In a morning meeting on the security challenges facing Georgia and Ukraine — two economically insecure nations that have been invaded by Russia within the last decade — Trump announced that if America’s NATO partners did not all hit the 2 percent defense spending target by next January, the United States “would go it alone.” The moment sent “everyone into a tailspin,” one diplomat told the Washington Post. Had the U.S. president just threatened to withdraw from NATO if every European democracy did not succeed in passing drastic budgetary changes by the end of the year? Could Georgia and Ukraine still rely on American military might to keep them safe from Russian imperialism? Could this be the beginning of the end of NATO, as we’ve known it???

Cut to break.

The meeting disbanded and an “emergency budget” session ensued. Then, the American president emerged from those last-minute negotiations, stood before a crowd of flashing cameras and anxious reporters, and announced that all had been set right.

“I told people that I’d be very unhappy if they did not up their commitments very substantially,” Trump said. “They are going to up it at levels never thought of before.”

The president went on to clarify that America’s NATO allies had not merely reaffirmed their commitment to reaching the 2 percent target by 2024, but that said target “will be going up quite a bit higher than that.”

Trump said he took “total credit” for this unprecedented diplomatic breakthrough. He then reassured a worried world, “I believe in NATO” — suggesting that all of his criticism of the alliance was really a form of tough love: “I think NATO is much stronger now than it was two days ago,” he declared.

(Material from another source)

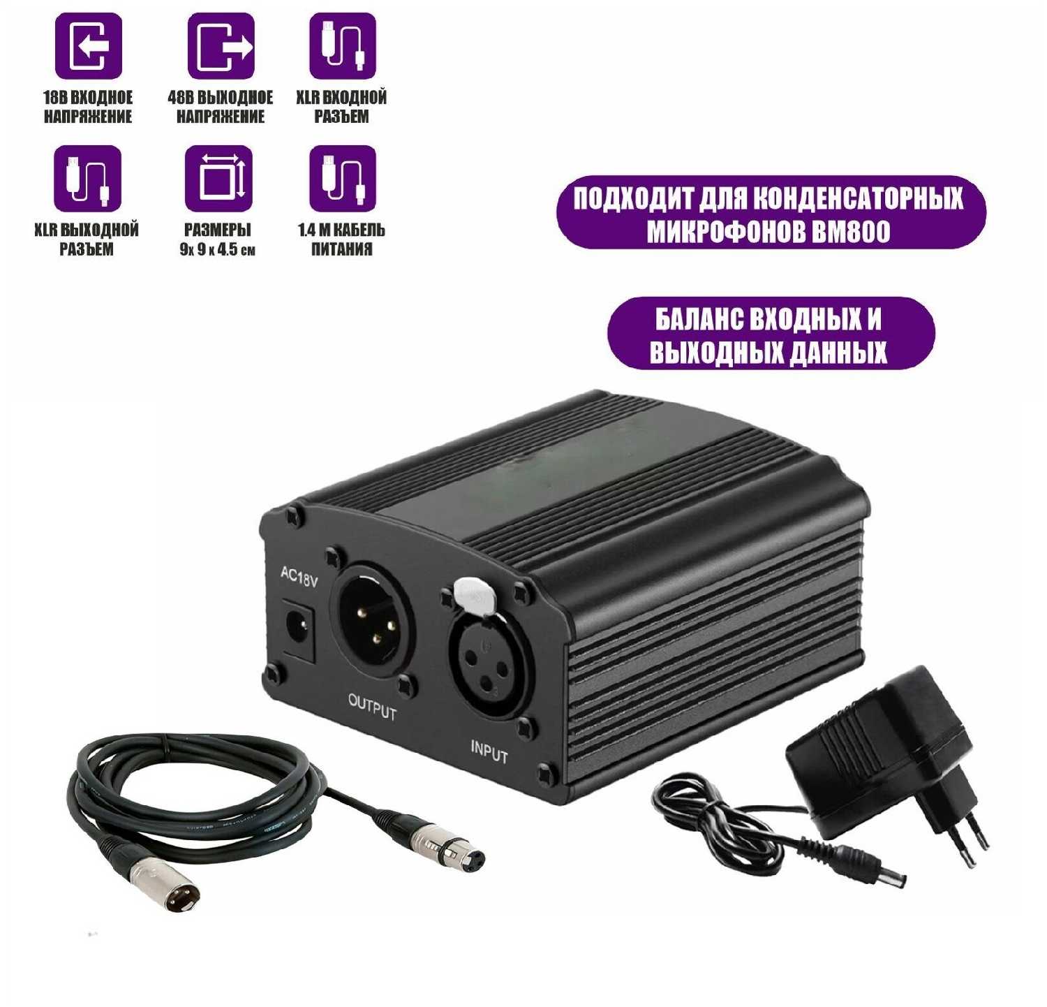 | Дополнительная информация : | Важно! Работает только с микрофонами подключаемыми XLR кабелями. Важно! Фантомное питание обеспечивает напряжение 48 В на конденсаторный микрофон, но оно не улучшает качество звука и не улучшает громкость микрофона. Внимание!Фантомное питание необходимо конденсаторным микрофонам, без него они не будут работать. Для динамических микрофонов необходимости в фантомном питании нет. Внимание! Производитель оставляет за собой право изменять характеристики товара, его внешний вид и комплект поставки без предварительного уведомления продавца. |

Asked if he would pull an about-face on his plane flight out of Brussels, and tweet some disavowal of the joint statement he had signed — as he had done following last month’s G7 meeting — Trump replied that he actually never did things like that because “I am a very stable genius.”

Shortly after Trump’s remarks, French president Emmanuel Macron informed reporters that the NATO allies had not agreed to raise their previously established targets on defense spending. “There is a communique that was published yesterday. It’s very detailed,” Macron told the Associated Press. “It confirms the goal of 2 per cent by 2024. That’s all.”

Alas, Macron’s remarks did not make the final cut.